VIII. Of the Three Creeds

The Three Creeds, Nicene Creed, Athanasius’s Creed, and that which is commonly called the Apostles’ Creed, ought thoroughly to be received and believed: for they may be proved by most certain warrants of holy Scripture.

Having established the authority of the Bible in Articles 6 and 7, Article 8 here takes us to another teaching authority in the Church’s toolkit: the three Creeds.  They are “thoroughly to be received and believed,” because they’re founded on the “most certain” foundation of the Bible.  Many Anglicans make use of the classic Protestant doctrine Sola Scriptura, the teaching that Only Scripture is infallibly authoritative over the Church.  Article 8 here works in tandem with that idea by asserting that although the Creeds are authoritative and binding for all Christian belief, they are so only because they’re derived from Scripture.  They are, in a sense, the Church’s best authoritative interpretive lens for summarizing the teachings of the Bible.

Each of these three creeds have their own special teaching value and corresponding use in the liturgy.

The Nicene Creed was written in 325 and expanded in 381, both at major ecumenical councils, by delegates representing the church worldwide at the time.  The primary theological issues being addressed in that Creed were doctrines related to the divinity, humanity, and personhood of Christ, and thus that is the longest section of the Nicene Creed.  It is traditionally said at the celebration of Holy Communion every Sunday and Major Feast Day.
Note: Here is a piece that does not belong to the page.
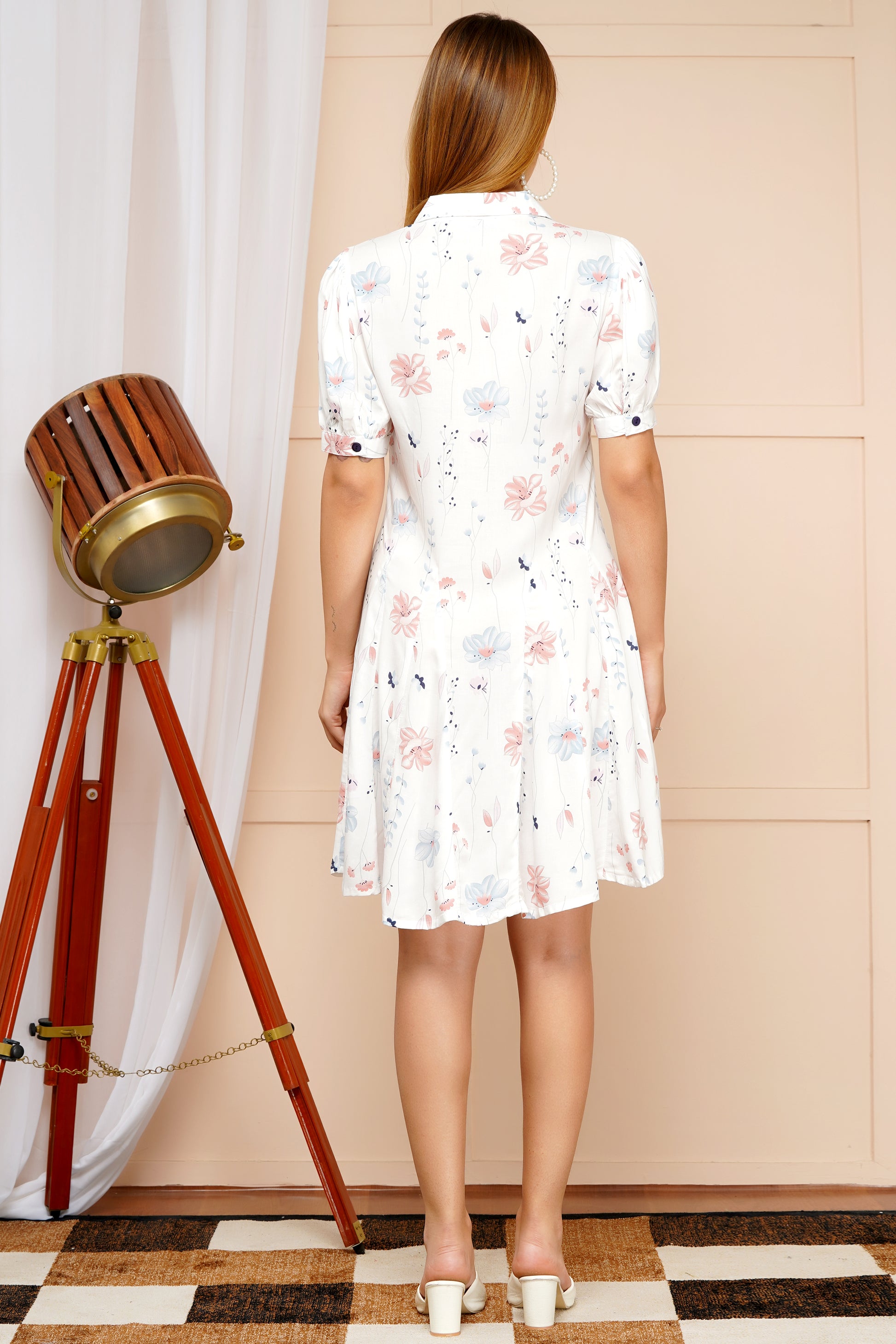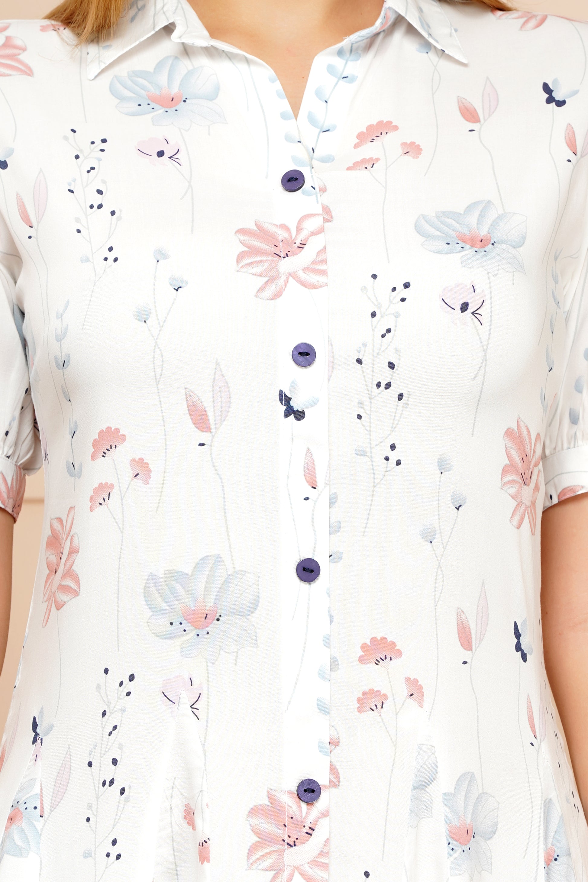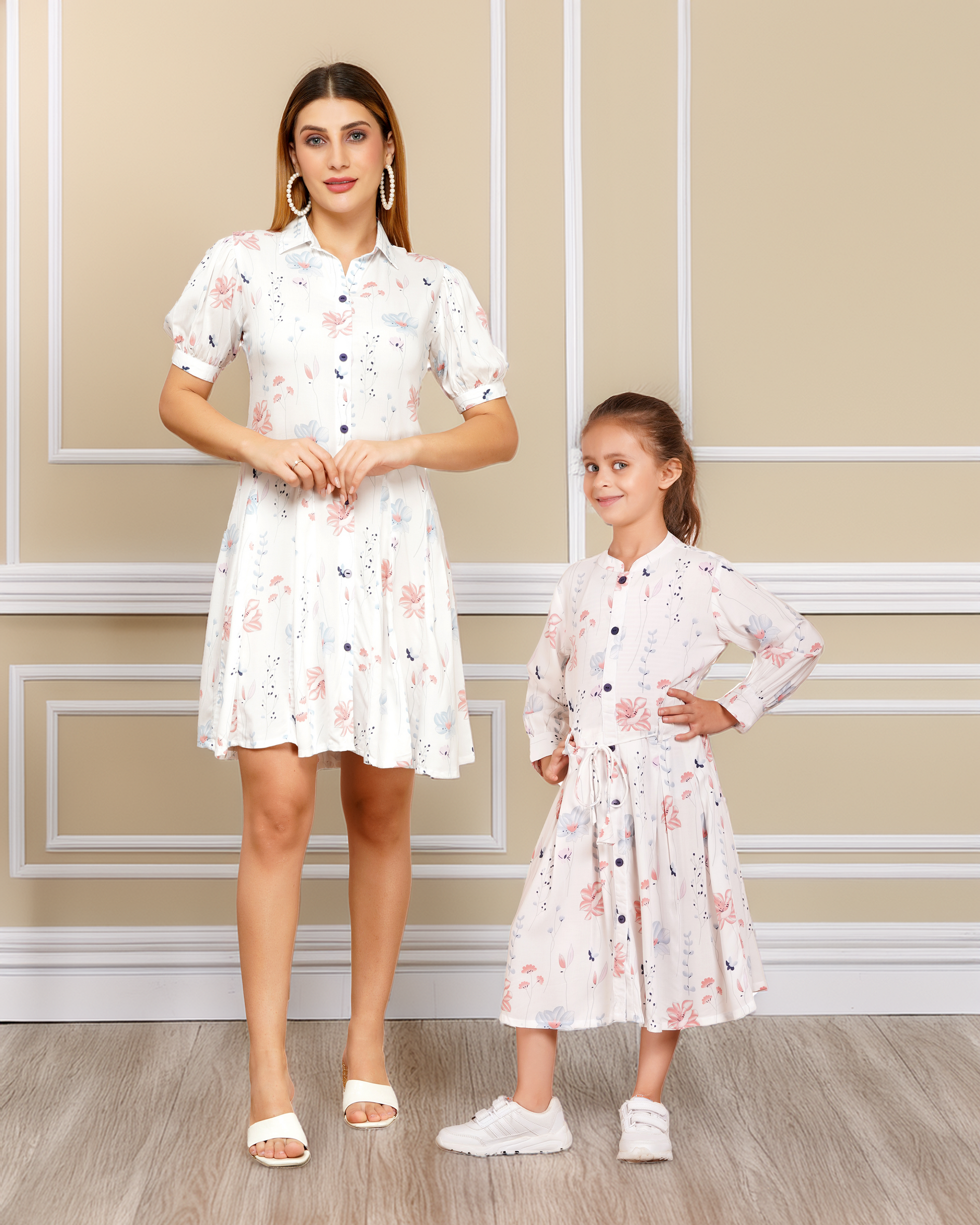 This enchanting combo is adorned with delicate floral and playful abstract prints in soft hues of pink, blue, and purple, perfect for adding a touch of charm to her day. Crafted from a light and breathable fabric, it ensures comfortable wear for all her activities. The dress features a stylish mandarin collar and a full-button placket with contrasting purple buttons for a pop of color and easy dressing. 3/4 sleeves with buttoned cuffs offer a polished look, while the self-fabric drawstring at the waist creates a lovely, adjustable silhouette.
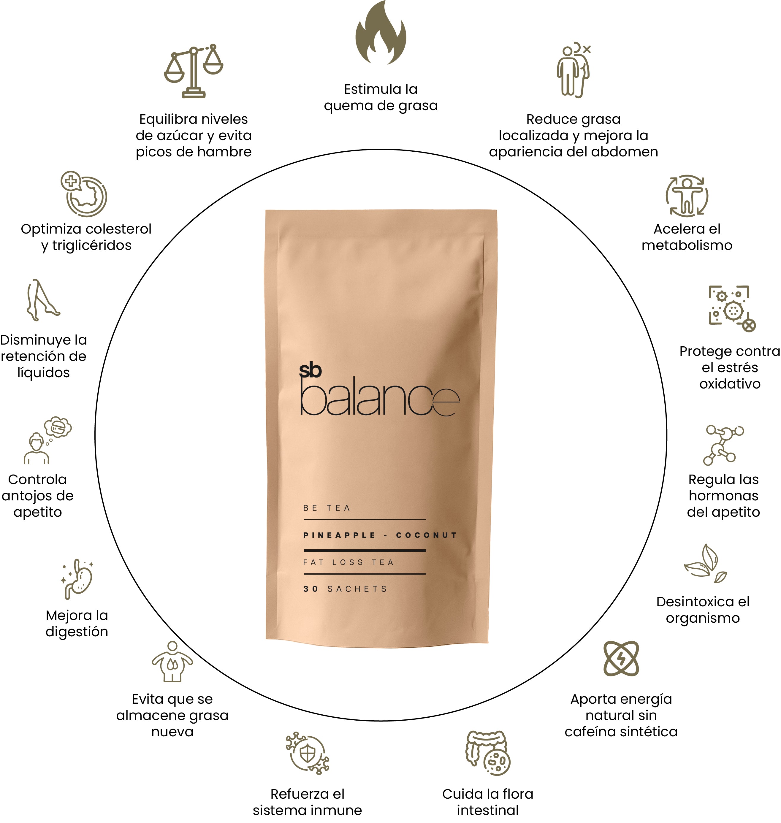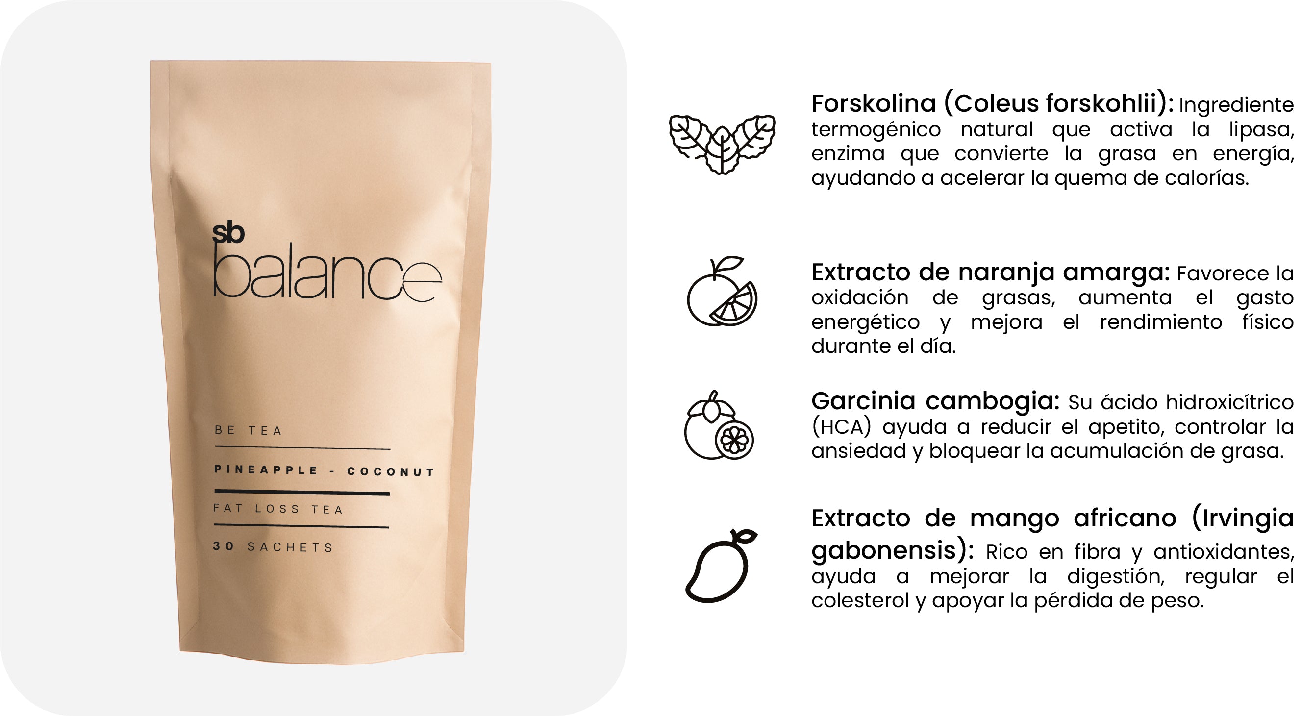 SB Balance Be Tea es el té quemador de grasa sabor piña-coco que combina forskolina, garcinia, mango africano y extracto de naranja amarga. Una fórmula natural que acelera el metabolismo, reduce medidas y te ayuda a alcanzar tu peso ideal.

The Athanasian Creed is a longer document (about two full pages of text), written in the late 400’s or early 500’s – a century after the death of Saint Athanasius of Alexandria, in whose honor it was written.  This Creed’s primary focus is on the doctrine of the Trinity, carefully (and repetitively) spelling out the unity of the Father and the Son and the Holy Spirit as well as the distinctions between the three Persons.  Because of its later origin, and other details, it is only used by Western Christians, and because of its length it is rarely used in worship services.  The original Book of Common Prayer, perhaps uniquely, called for its recitation at Morning Prayer on about 13 different Holy Days throughout the year.  Although this practice has largely disappeared in modern Anglicans, the Athanasian Creed does show up in the Communion service in a number of churches on Trinity Sunday.

For reasons unknown to me, the Protestant Episcopal Church in the United States of America, in 1801, edited Article 8 to omit the Athanasian Creed entirely; contributing to its demise in liturgical use and general lack of awareness of its existence and use.

The Apostles’ Creed, finally, was developed in the 1st and 2nd centuries largely as a confession of faith to be memorized and recited in the Service of Holy Baptism.  It is the shortest of the three creeds, and therefore the most commonly used for teaching, catechesis, and memorization.  It is traditionally said in the Offices of Morning and Evening Prayer, as well as at Baptisms and Reaffirmations of Baptismal Vows.